Intrigued, I developed a hara-strengthening practice of movement and breathing exercises. As I moved through this belly-energizing practice daily, I began to experience the benefits of developing hara that I craved—more confidence, creativity and sense of connection. I no longer felt the need to stuff or starve myself. The eating disorder diminished and then disappeared.
Learning to revalue my belly essentially saved my life. Over the past 15 years, as I’ve shared this practice with thousands of women, I’ve witnessed the profound benefits it can bring. The power centered in a woman’s belly is indeed pro-creative power, kin to the Power of Being that promotes creation throughout the universe. This pro-creative power generates new human life; it also brings forth new ideas, images, systems, institutions, organizations. Activating this power, we can direct it into any dimension we choose: personal healing, intuition, creative expression, family relationships, our work, our communities, our world.

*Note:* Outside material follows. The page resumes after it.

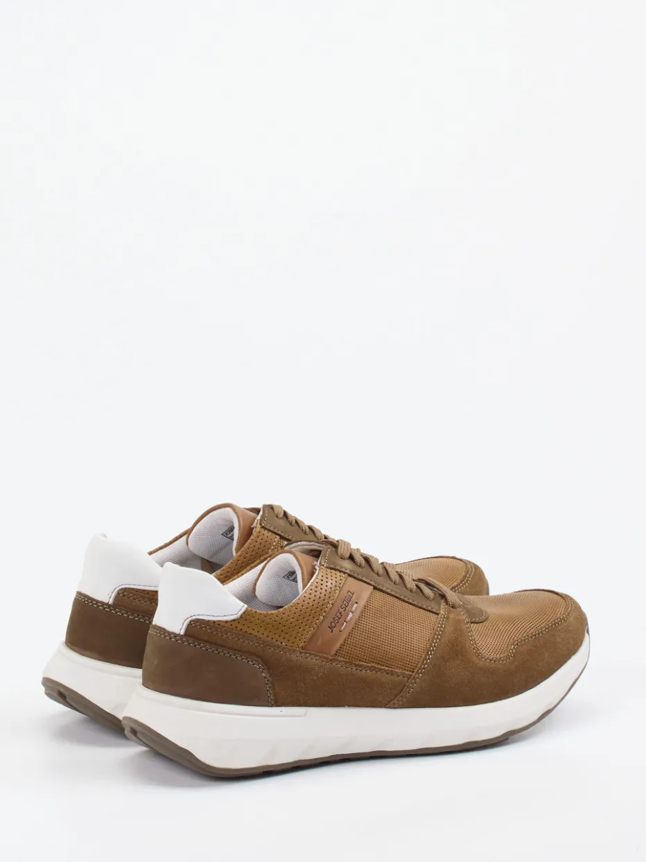 Sportiver Komfort in modernem Braun.Josef Seibel präsentiert mit diesem Herren-Sneaker einen stilvollen Allrounder für Alltag und Freizeit. Für ganztägigen Komfort bei urbanen Wegen oder entspannten Wochenenden sorgt das Obermaterial aus Veloursleder, ergänzt durch feines Kalbleder mit perforierten Details. Das atmungsaktive Textilfutter, der gepolsterte Einstieg sowie die profilierte Gummisohle bieten ein rundum angenehmes Tragegefühl. In Mittelbraun gehalten, zeigt der Sneaker eine klassisch-sportliche Silhouette mit markanter Schnürung und dezent geprägtem Logo an der Seite. Streetwear-Einflüsse und funktionale Akzente machen ihn ideal für kombinierfreudige Casual-Outfits. Der verlässlich bequeme Schuh mit Stilkompetenz aus dem Haus Josef Seibel.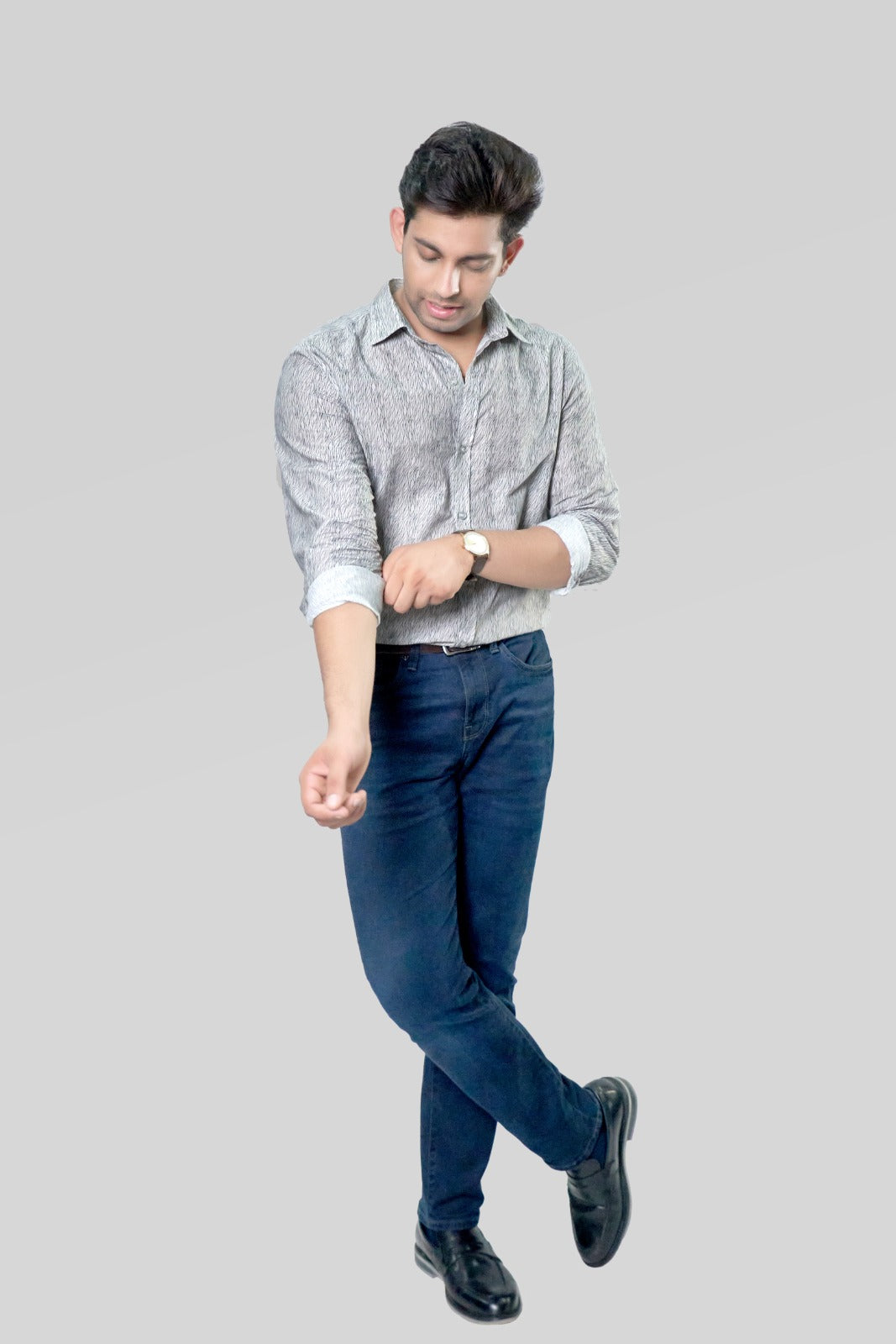 GREY BOTTLE PRINT FULL SLEEVE SHIRT

Choosing to honor our bellies takes courage—yes, guts. Our culture bombards us with instructions to belittle our bellies and cut ourselves off from our bellies’ pro-creative power. Many of us have internalized the culture’s devaluation of women, unwittingly working its violence upon ourselves. We’ve made our bellies the focus of our culturally imposed self-hate. But unless we grew up without the influence of family, school, friends, advertising, television, movies, books, newspapers, magazines and toys how could we have done otherwise?

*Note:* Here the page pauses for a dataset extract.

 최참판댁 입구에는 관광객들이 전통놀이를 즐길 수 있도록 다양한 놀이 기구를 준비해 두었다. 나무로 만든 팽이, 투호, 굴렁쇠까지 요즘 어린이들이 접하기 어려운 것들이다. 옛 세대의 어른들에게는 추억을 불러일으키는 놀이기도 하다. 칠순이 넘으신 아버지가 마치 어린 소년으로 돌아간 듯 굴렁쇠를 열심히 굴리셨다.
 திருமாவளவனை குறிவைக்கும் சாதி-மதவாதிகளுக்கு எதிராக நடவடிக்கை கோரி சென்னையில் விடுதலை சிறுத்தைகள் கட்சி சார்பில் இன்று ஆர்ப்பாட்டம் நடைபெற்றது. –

The good news is: We don’t have to torture ourselves any longer. We can choose to support ourselves and each other in honoring our bellies as the site of our soul-power, the home of our soul-knowing. Instead of complaining to each other about the size of our stomachs, we can encourage each other to use our belly-centered power in ways that create a life-affirming world. We can enter into a new conversation.
When we do so, we restore sanity and self-respect to our lives: At lunch, Francie listened respectfully as Jane confessed, “I shouldn’t be eating. I feel so fat—my belly’s so big.” And she replied: “Yes, your belly is soft and round. If you found a precious jewel—something so precious it had the power to create life—wouldn’t you place it in a container that’s soft and round, to protect and nurture it?”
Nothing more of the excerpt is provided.